- Founder: Thomas C. Sharp
- Founded: July 1841
- Dissolved: June 1844
- Ideology: Anti-Mormonism

= Anti-Mormon Party (Illinois) =

The Anti-Mormon Party was a short-lived political party in Illinois in the early 1840s that espoused anti-Mormonism. The party was formed in Hancock County to oppose the political power Joseph Smith held in Nauvoo, Illinois, as the mayor of the city, head of the Nauvoo Legion, and prophet to the city's Latter Day Saint residents.

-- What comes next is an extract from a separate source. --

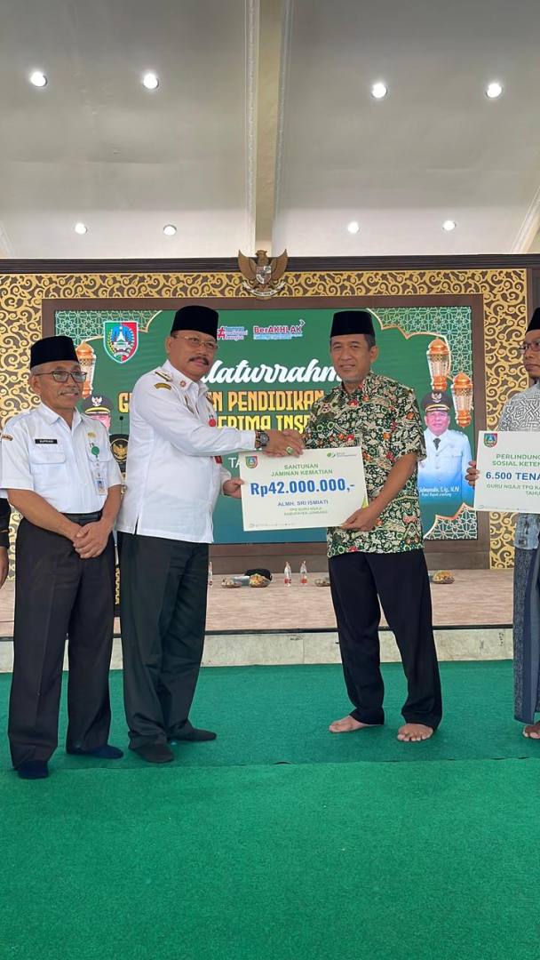 Pada momentum tersebut juga diserahkan santunan program jaminan kematian dari BPJS Ketenagakerjaan kepada 3 ahli waris guru TPQ masing-masing senilai Rp. 42.000.000 (Empat Puluh Dua Juta Rupiah).
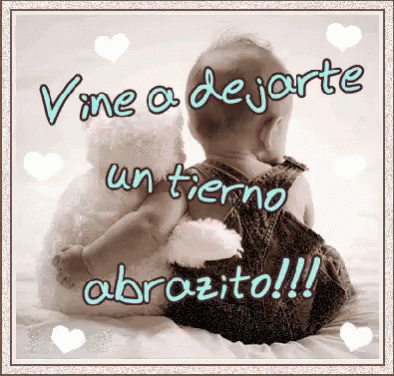 A sweet baby and teddy bear share a tender hug, with the message 'I came to leave you a tender hug!!!'

The party was organized in July 1841 by Thomas C. Sharp, editor of the Warsaw Signal. The June 23 edition of the Warsaw Signal printed a report that delegates had been elected to the "Anti-Mormon Convention" that was to be held on June 28. The meeting also resolved "[t]hat it is expedient to hold a county convention, for the purpose of nominating candidates for the offices of School and County Commissioners, in opposition to Mormon influence and dictation."

In 1841, the party nominated Richard Wilton for Hancock County School Commissioner and Robert Miller for County Commissioner. Neither candidate was elected in the August 1841 elections. By 1844, the party was being referred to as the "Central Anti-Mormon Committee" of Hancock County; the committee was led by Sharp, William N. Grover, and Henry Stephens.

The party continued its existence until it gradually died out after June 1844, when Joseph Smith was killed by an armed mob and the majority of Latter Day Saints subsequently made it known that they intended on leaving Illinois. The five men who were tried and acquitted of murdering Smith—Sharp, Grover, Mark Aldrich, Jacob C. Davis, and Levi Williams—were all members of the Anti-Mormon Party.